▼▼▼

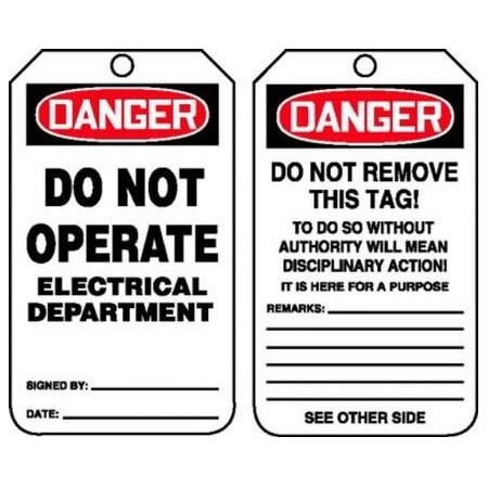 Order MDT165PTM by Accuform RP-Plastic Tag "Do Not Operate Electrical..." - US Mega Store
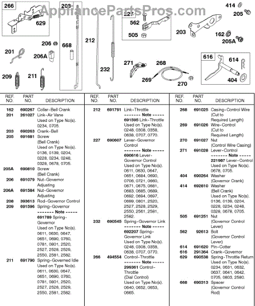 Parts for Briggs & Stratton 326431-0326-99: Springs, Controls Parts
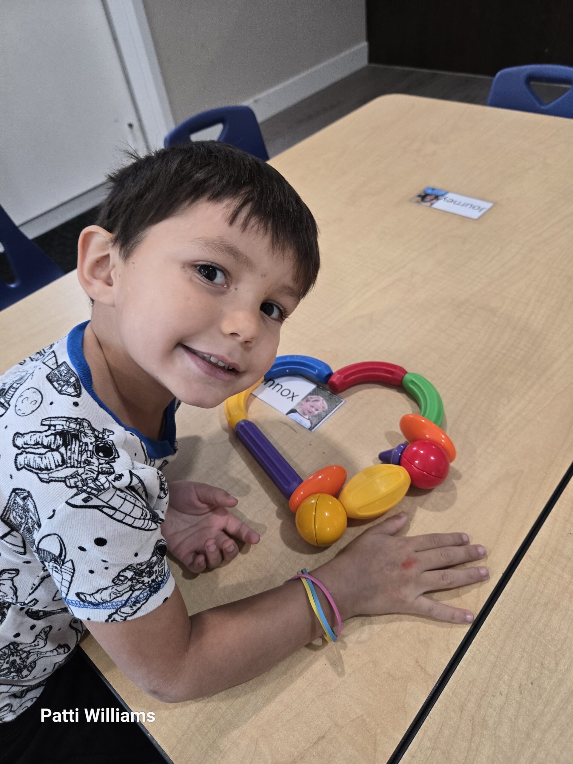 Leeland Vinnie is such a bright, outgoing young man. Leeland is very observant in and outside the center. His capability to see even the smallest organism on the tree, or a camouflaged grasshopper in tall grass, is amazing. Leland is excellent at communicating when he requires space or needs something. We have developed a connection through beading and crafting, in which he is very creative. Leland also has a love for music. Down by the bay, I would often hear him sporadically sing throughout the center. He also enjoyed waking up from nap time to the wake-up song. Felt board songs and felt board stories. He loves participating in singing and looking for objects on the felt board. Leeland is also great at making his own pizzas, which is done every 2nd Friday of the month.
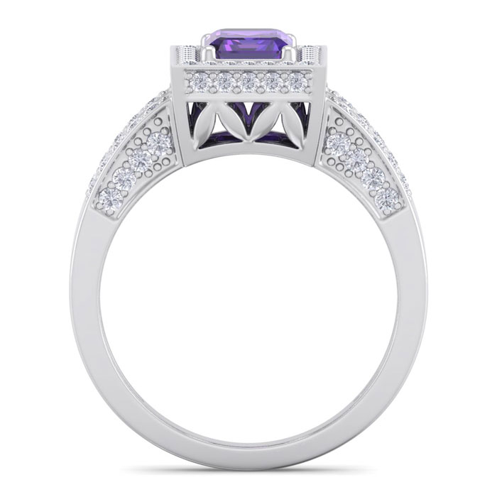 1 1/2 Carat Amethyst and Halo Diamond Ring In 14 Karat White Gold
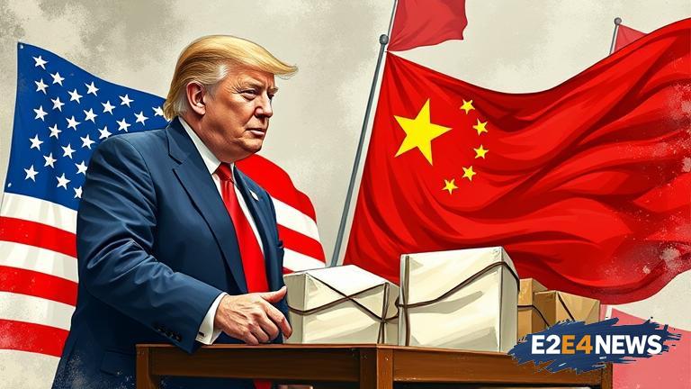 The ongoing trade tensions between the US and China have reached a new level of intensity, with President Trump demanding that China supply the US with essential goods. This move has sparked concerns over the potential consequences for global economic stability. The US has been seeking to reduce its reliance on Chinese imports, and Trump’s latest demand is seen as a significant escalation of the trade war. China, on the other hand, has been seeking to increase its exports to the US, and has offered to buy more American goods. However, the US has been skeptical of China’s intentions, and has imposed tariffs on a wide range of Chinese imports. The trade war has already had significant consequences for both countries, with the US imposing tariffs on over $360 billion worth of Chinese goods, and China retaliating with tariffs on over $110 billion worth of American goods. The trade tensions have also had a significant impact on the global economy, with many countries seeking to avoid getting caught in the crossfire. The International Monetary Fund (IMF) has warned that the trade war could have significant consequences for global economic growth, and has urged both countries to seek a resolution to the dispute. Despite the tensions, both countries have been seeking to negotiate a trade deal, with talks between US and Chinese officials ongoing. However, the negotiations have been slow-going, and it remains to be seen whether a deal can be reached. The US has been seeking to address a range of issues, including China’s trade practices, intellectual property theft, and forced technology transfer. China, on the other hand, has been seeking to protect its own economic interests, and has been resistant to making significant concessions. The trade war has also had significant consequences for American businesses, with many companies seeking to diversify their supply chains and avoid reliance on Chinese imports. The US Chamber of Commerce has warned that the trade war could have significant consequences for American jobs and economic growth, and has urged the administration to seek a resolution to the dispute. Despite the challenges, many experts believe that a trade deal between the US and China is still possible, and that both countries have a significant incentive to reach an agreement. The trade war has also had significant consequences for the global economy, with many countries seeking to avoid getting caught in the crossfire. The European Union, for example, has been seeking to increase its trade with both the US and China, and has warned that the trade war could have significant consequences for global economic stability. The trade war has also had significant consequences for the US economy, with many experts warning that it could have significant consequences for American jobs and economic growth. The Federal Reserve has warned that the trade war could have significant consequences for the US economy, and has urged the administration to seek a resolution to the dispute. The trade war has also had significant consequences for the Chinese economy, with many experts warning that it could have significant consequences for Chinese economic growth. The Chinese government has been seeking to stimulate the economy, and has announced a range of measures to support economic growth. However, the trade war remains a significant challenge for the Chinese economy, and it remains to be seen whether the government can successfully navigate the dispute. The trade war has also had significant consequences for the global trade system, with many experts warning that it could have significant consequences for the rules-based system. The World Trade Organization (WTO) has warned that the trade war could have significant consequences for the global trade system, and has urged both countries to seek a resolution to the dispute. The trade war has also had significant consequences for the US-China relationship, with many experts warning that it could have significant consequences for the long-term relationship between the two countries. The US and China have a complex and multifaceted relationship, with significant economic, strategic, and cultural ties. However, the trade war has put a significant strain on the relationship, and it remains to be seen whether the two countries can successfully navigate the dispute.
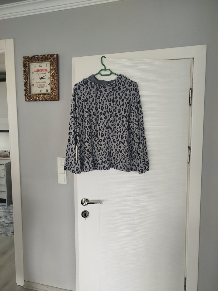 Gri leopar desenli, uzun kollu, bol kesim, yuvarlak yaka kadın bluz. Örme sentetik kumaştan, günlük rahat stil için uygun.
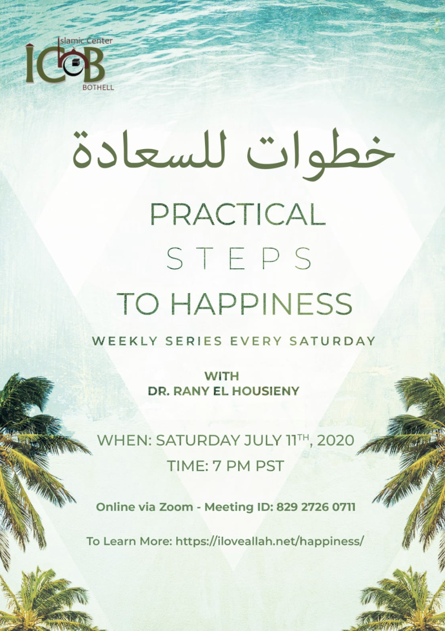 This is a practical workshop for those looking for happiness. We will have an item to practice every week to reach a higher status for our hearts in shaa Allah. This series is based on multiple books, lectures, and experiences (Refer to the References section)

▲▲▲

• **PROBLEM STATEMENT**
If pictures appear among the records, do not carry them over; retype the rest exactly.

• **SOLUTION BELOW**
 Order MDT165PTM by Accuform RP-Plastic Tag "Do Not Operate Electrical..." - US Mega Store
 Parts for Briggs & Stratton 326431-0326-99: Springs, Controls Parts
 Leeland Vinnie is such a bright, outgoing young man. Leeland is very observant in and outside the center. His capability to see even the smallest organism on the tree, or a camouflaged grasshopper in tall grass, is amazing. Leland is excellent at communicating when he requires space or needs something. We have developed a connection through beading and crafting, in which he is very creative. Leland also has a love for music. Down by the bay, I would often hear him sporadically sing throughout the center. He also enjoyed waking up from nap time to the wake-up song. Felt board songs and felt board stories. He loves participating in singing and looking for objects on the felt board. Leeland is also great at making his own pizzas, which is done every 2nd Friday of the month.
 1 1/2 Carat Amethyst and Halo Diamond Ring In 14 Karat White Gold
 The ongoing trade tensions between the US and China have reached a new level of intensity, with President Trump demanding that China supply the US with essential goods. This move has sparked concerns over the potential consequences for global economic stability. The US has been seeking to reduce its reliance on Chinese imports, and Trump’s latest demand is seen as a significant escalation of the trade war. China, on the other hand, has been seeking to increase its exports to the US, and has offered to buy more American goods. However, the US has been skeptical of China’s intentions, and has imposed tariffs on a wide range of Chinese imports. The trade war has already had significant consequences for both countries, with the US imposing tariffs on over $360 billion worth of Chinese goods, and China retaliating with tariffs on over $110 billion worth of American goods. The trade tensions have also had a significant impact on the global economy, with many countries seeking to avoid getting caught in the crossfire. The International Monetary Fund (IMF) has warned that the trade war could have significant consequences for global economic growth, and has urged both countries to seek a resolution to the dispute. Despite the tensions, both countries have been seeking to negotiate a trade deal, with talks between US and Chinese officials ongoing. However, the negotiations have been slow-going, and it remains to be seen whether a deal can be reached. The US has been seeking to address a range of issues, including China’s trade practices, intellectual property theft, and forced technology transfer. China, on the other hand, has been seeking to protect its own economic interests, and has been resistant to making significant concessions. The trade war has also had significant consequences for American businesses, with many companies seeking to diversify their supply chains and avoid reliance on Chinese imports. The US Chamber of Commerce has warned that the trade war could have significant consequences for American jobs and economic growth, and has urged the administration to seek a resolution to the dispute. Despite the challenges, many experts believe that a trade deal between the US and China is still possible, and that both countries have a significant incentive to reach an agreement. The trade war has also had significant consequences for the global economy, with many countries seeking to avoid getting caught in the crossfire. The European Union, for example, has been seeking to increase its trade with both the US and China, and has warned that the trade war could have significant consequences for global economic stability. The trade war has also had significant consequences for the US economy, with many experts warning that it could have significant consequences for American jobs and economic growth. The Federal Reserve has warned that the trade war could have significant consequences for the US economy, and has urged the administration to seek a resolution to the dispute. The trade war has also had significant consequences for the Chinese economy, with many experts warning that it could have significant consequences for Chinese economic growth. The Chinese government has been seeking to stimulate the economy, and has announced a range of measures to support economic growth. However, the trade war remains a significant challenge for the Chinese economy, and it remains to be seen whether the government can successfully navigate the dispute. The trade war has also had significant consequences for the global trade system, with many experts warning that it could have significant consequences for the rules-based system. The World Trade Organization (WTO) has warned that the trade war could have significant consequences for the global trade system, and has urged both countries to seek a resolution to the dispute. The trade war has also had significant consequences for the US-China relationship, with many experts warning that it could have significant consequences for the long-term relationship between the two countries. The US and China have a complex and multifaceted relationship, with significant economic, strategic, and cultural ties. However, the trade war has put a significant strain on the relationship, and it remains to be seen whether the two countries can successfully navigate the dispute.
 Gri leopar desenli, uzun kollu, bol kesim, yuvarlak yaka kadın bluz. Örme sentetik kumaştan, günlük rahat stil için uygun.
 This is a practical workshop for those looking for happiness. We will have an item to practice every week to reach a higher status for our hearts in shaa Allah. This series is based on multiple books, lectures, and experiences (Refer to the References section)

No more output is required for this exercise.